A SESSIONS court in Mumbai Thursday upheld a lower court’s order acquitting Abdul Latif Adam Momin along with 18 others, including passport office employees, in a case linked to the 1999 Kandahar hijacking. The accused were booked on charges of forging documents to help obtain fake passports for the hijackers of the Indian Airlines flight IC-814 in December 1999.
Momin, a Mumbai resident, is currently serving life imprisonment in a jail in Punjab for his role in the hijacking, including obtaining passports for the hijackers. The Mumbai Police had claimed that it was through Momin that the other accused had helped obtain a passport in the name of four wanted accused hijackers to enable their travel on the plane and its subsequent hijacking.
All the accused in the passport case were acquitted by the Chief Metropolitan Magistrate’s court in 2012 after which the state government had filed an appeal challenging the acquittal before the sessions court.
In the appeal, police had claimed that Momin had given a passport agent, also named as an accused, Rs 2,500 as advance to prepare a passport without valid documents.
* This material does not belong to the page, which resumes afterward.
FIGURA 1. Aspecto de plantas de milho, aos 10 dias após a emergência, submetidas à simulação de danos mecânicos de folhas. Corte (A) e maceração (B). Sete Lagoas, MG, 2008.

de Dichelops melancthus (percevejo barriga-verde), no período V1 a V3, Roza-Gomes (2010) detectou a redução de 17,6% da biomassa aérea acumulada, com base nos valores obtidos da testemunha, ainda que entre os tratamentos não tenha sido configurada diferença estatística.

It claimed that bribes ranging from Rs 300 to Rs 2,500 were paid to various passport office clerks to process the application without verification.
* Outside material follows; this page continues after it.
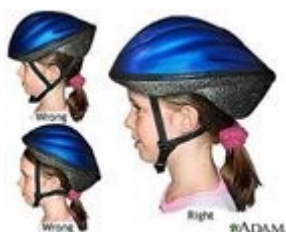
Obr. 15: Správné a nesprávné nasazení přilby

The accused were booked on charges including forgery, cheating, and common intent of the Indian Penal Code and relevant sections of the Indian Passport Act.
The court, police stated in the appeal, had not considered various recoveries made from the accused and other evidence which showed that the documents submitted for the passport were forged. The forged documents included school leaving certificate, and driving licences.
While the detailed order of the sessions court upholding the acquittals is yet to be made available, the lower court had in 2012 said police had failed to prove that there was a nexus between the accused, which included passport office clerks, motor-training school employees, postmen, a passport agent and his employees, through which they planned to help the hijackers obtain the passports. It had said that from the testimonies of the 28 witnesses, evidence pointing towards the involvement of these accused could not be gathered.
Lawyer Abdul Wahab Khan, representing Momin, had submitted that original documents were not made part of the evidence and no witnesses had named Momin or identified him as the person who facilitated the passport applications. Khan also said the same set of evidence was submitted before the main case of hijacking and one of the accused here was an important witness in that case.
In 2014, the Punjab and Haryana High Court had upheld the life-term awarded to Momin by a special court in 2008 while acquitting two other accused. Currently, the order is under challenge before the Supreme Court.
On December 24, 1999, the Indian Airlines plane was hijacked by five wanted accused after it took off from Kathmandu, Nepal, for New Delhi.
The plane, which had 189 passengers on board including the crew, was subsequently landed in Kandahar and negotiations were made with the Indian government leading to the release of three arrested militants, including Masood Azhar. The hijackers had killed a 25-year-old man. While there were 23 accused in the passport case, some were discharged, while others passed away during the trial.